Following your advice, we further revised our paper to strengthen the background discussion regarding the DWS problem. We clearly highlighted the key focus of DWS, which is to assign a long sequence of interdependent tasks to heterogeneous virtual machines, driven by the aim to optimize the mean flowtime across all workflows or other objectives such as the cost (see Appendix O of the revised paper for new experiment results). There are some key assumptions associated with the DWS problems, including:
- The pattern of each workflow (i.e., DAG structure) is unknown until it reaches the system.
- Tasks within a workflow can be allocated to any machine, with processing times varying according to machine speeds.
- Each machine can process only one task at a time.
- Only tasks with all predecessors completed are eligible for scheduling.
All these assumptions match closely with numerous real-world applications. We have provided more background information in Appendix B and I of the revised paper.

Best regards,
Paper 4258 Authors

评论- Kindly ask for feedback from Reviewer Eeze

2024-12-02

Dear Reviewer Eeze,

As the discussion phase is nearing its conclusion, we kindly ask if you could provide feedback on our responses and revisions. If you find that we have satisfactorily addressed your concerns, we would greatly appreciate your consideration of adjusting your rating to reflect the improvements made.

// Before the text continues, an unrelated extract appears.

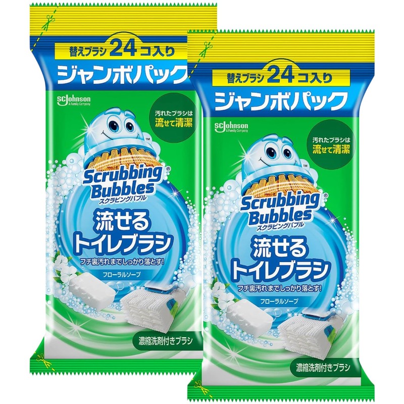 スクラビングバブル 流せるトイレブラシ フローラルソープの香り 替えブラシ ジャンボパック 24コ入り (2セット オリジナルおみくじカード付き)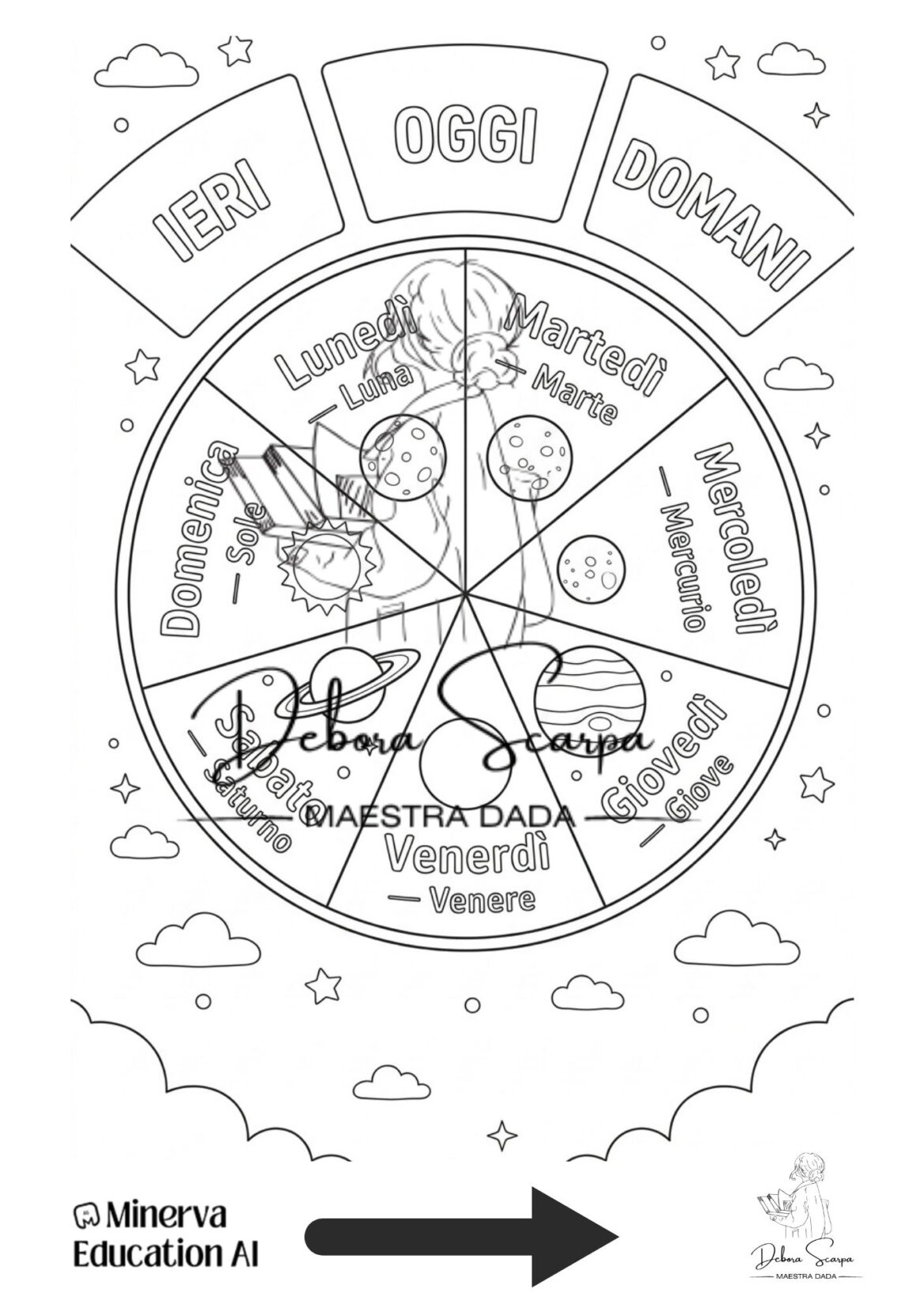 Ruota dei giorni della settimana in bianco e nero e a colori, con riportati i nomi dei pianeti, per spiegare ai bambini da dove derivano i nomi dei giorni della settimana, con indicatori temporali ieri, oggi, domani al fine di aiutarli a comprendere la sequenzialità e ciclicità della settimana.

We sincerely thank you for your time and thoughtful review.

Best regards,
Paper 4258 Authors

2024-12-02

Dear authors,

Thank you for your detailed response and the comprehensive experiments that are added. I have thoroughly reviewed your updated manuscript, as well as your responses to the other reviewers. I don't have any further questions on how well your approach works on this particular problem --- your experiments demonstrate this part very well. However, the three contributions you highlighted, 1) applying GAT to each task structure, 2) using separate encoders for actor and critic, and 3) offline imitation learning and online adaptation, they don't seem to be entirely novel for a ML conference. To me, they seem more like taking off-the-shelf methods, and tailoring them for a specific system problem. For this reason, while I appreciate the comprehensiveness of your experiments and the clarity of your writing, I think this paper might be more appropriate for a systems conference.

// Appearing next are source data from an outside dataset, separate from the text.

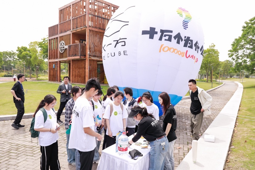 活动以“科幻+科普”为核心,打造了一场沉浸式的科学盛宴。100 名青少年沿着1公里的环线徒步打卡,途经“十万个为什么问号机”“十万个时空折叠舱”“新青年驿站”“穿越光栅站”4个特色打卡点。在“自动问号机”前抽取的“泡泡问号签”,不仅有科学知识问答,更包含“十万个为什么”尚未解答的谜题,让青少年在探索中感受科学的未知魅力,实现“场景化学习+游戏化探索”的创新体验。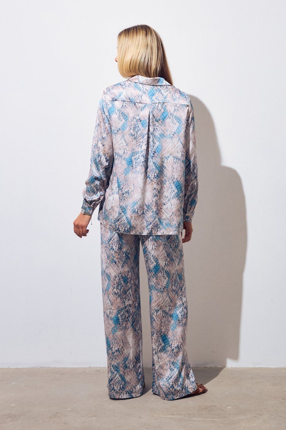 Колір: Принт бірюзовий Розмірний ряд: 42,44,46 Сезон: весна, літо Склад: 50% віскоза, 25% поліестер, 20% котон, 5% лайкра Стиль: святковий, повсякденний Тип виробу: костюм Тип тканини: штучний шовк Костюм у піжамному стилі з шовку. Рубашка вільного крою з асиметричними боками, створює елегантний силует. Брюки прямі, з комфортною резинкою на поясі та боковими кишенями. Тканина м’яка, приємна до тіла, має легкий блиск. Виміри сорочки : Об'єм грудей: 42р.-98 см, 44р.-102 см, 46р.-106 см. Об'єм талії: 42р. 104 см, 44р.-108 см, 46р.-112 см. Об'єм стегон : 42р. 110 см, 44р.-114 см, 46р.-118 см. Довжина рукава: 42р.-60 см, 44р.-60.3 см, 46р.-60.6 см. Довжина спинки: 42р.-70 см, 44р .-70.3 см, 46р.- 70.6 см. Довжина полички: 42р.-68 см, 44р.- 68.5 см, 46р.- 69 см Виміри брюк : Об'єм талії: 42р.-66 см, 44р.-70 см, 46р.-74 см. Об'єм стегон: 42р.- 98 см, 44р.- 102 см, 46р.-106 см. Довжина виробу: 42р.-107 см, 44р.- 107.5 см, 46р.-108 см.Термін збору замовлення складає від 1 до 7 робочих днів. Докладніше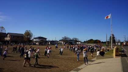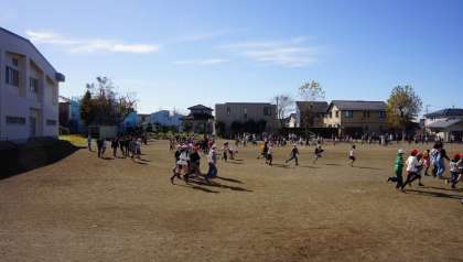 持久走大会に向けて、中休みは全校児童でグランドを走っています。青空が気持ちいいです。

评论- Further Response to Reviewer Eeze - [1/2]

2024-12-03

Dear Reviewer Eeze,

Thank you for reviewing our updated manuscript and recognizing the comprehensiveness of our experiments and the clarity of our writing. We truly appreciate your feedback.

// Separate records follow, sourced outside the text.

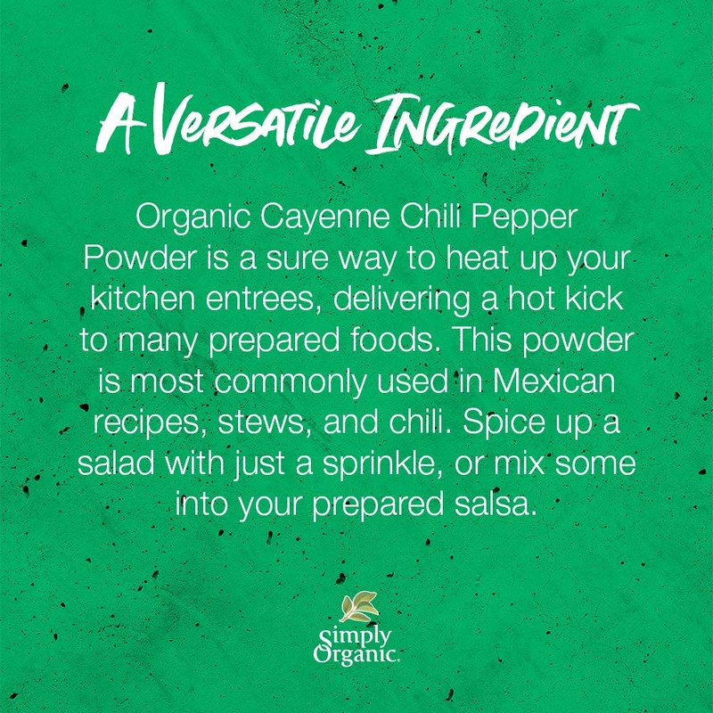 - CHILI PEPPER - Simply Organic Cayenne Pepper contains nothing but pure, organic, ground cayenne peppers (Capsicum annuum). Rich, earthy color. Drool-worthy aroma. Lively taste that packs a POW at 35,000 heat units.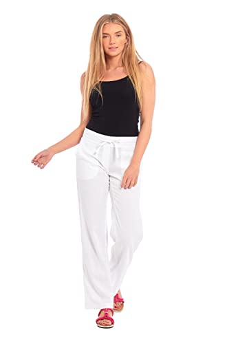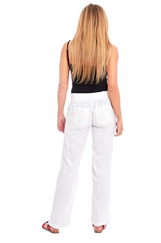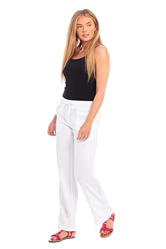 kraftd Womens Linen Trousers Casual Bottoms Elasticated Drawstring Waist Pants With Pockets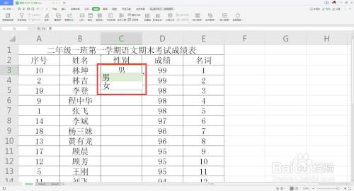 点击题目栏--数据,找到有用性--设置--序列,在来历项里输入“男”,“,”,“女”,注重逗号要在英文半角状况下输入。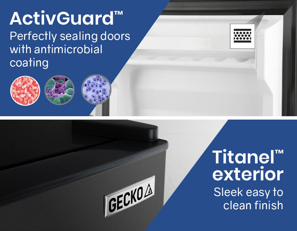 The Gecko is designed to perform in harsh Australian conditions. Latest compressor technology and thick insulation ensure that it can cool fast and continue to operate in ambient temperatures up to 38 degrees! The Gecko range feature ActivSeal technology which combines perfectly sealing doors with an anti-microbial coating to inhibit the growth of germs. All this is wrapped in a sleek Titanel metal finish ensuring it will look right at home anywhere and is also ready for your souvenir Mag - net collection!

We would like to provide response to your concerns about the applicability of our scheduling problems, the relevance to ML-focused conferences, the novelty of our technical contributions, and its relevance to the ICLR community.

1. The scheduling problem is widely applicable
Scheduling is a fundamental combinatorial optimization problem (COP) with wide-ranging applications, including but not limited to cloud computing, manufacturing, maritime, aviation, and logistics. Its importance is well-recognized in the ML community, as evidenced by prior works published at the top-tier ML conferences:

	Influences	Graph Representations	Architectures	Training Methods	Problem Scales
[8] (NeurIPS 2020)	Has been cited 378 times	Static disjunctive graphs	GIN; Shared encoder	Unmodified PPO	≤2,000 tasks
[9] (ICLR 2024)	Highly rated work (8,8,8,6 ratings)	Same as [8]	[8] + GAT; Only actor encoder	Unmodified REINFORCE	≤2,000 tasks
[10] (NeurIPS 2024)	Quickly cited by 9 papers	Same as [8]	[9] + attention layers; Only actor encoder	Self-supervised learning	≤2,000 tasks
Our Work	----	New dynamic graph	GAT+ attention layers; Separate encoders	New offline-online PPO	≤600,000 tasks

Table R6. Summary of prior works in Learning-to-Optimize for scheduling problems.

Different from the three successful studies summarized above, our work introduces innovations in all aspects of graph representation, architectures, training methods, and problem scale. Additionally, our work clearly demonstrates the wide applicability of GOODRL, extending beyond DWS to FJSS (see our response W1 to Reviewer jCq6) as well as multi-objective problems (e.g., joint optimization of mean flowtime and VM rental cost, see our response W4 to Reviewer RdYS), showcasing strong generalization capability. This aligns closely with the growing trend in the ML community of applying deep learning techniques to increasingly large and dynamic scheduling problems, advancing both methodology and real-world applications.

2. ML research demands for both new techniques and tailored applications
We acknowledge that many Learning-to-Optimize (L2O) studies, such as [8], [9], and [10], successfully leveraged existing ML techniques like GIN, GAT, and PPO in innovative ways. While these techniques are not entirely new to the broader ML field, their adaptation to specific scheduling problems provides valuable insights and lays the groundwork for advancing ML applications. Similarly, our approach makes a significant contribution to the L2O field by creatively leveraging and enhancing existing ML techniques (see point 3 below) to tackle significantly larger and highly dynamic scheduling problems with substantial practical importance.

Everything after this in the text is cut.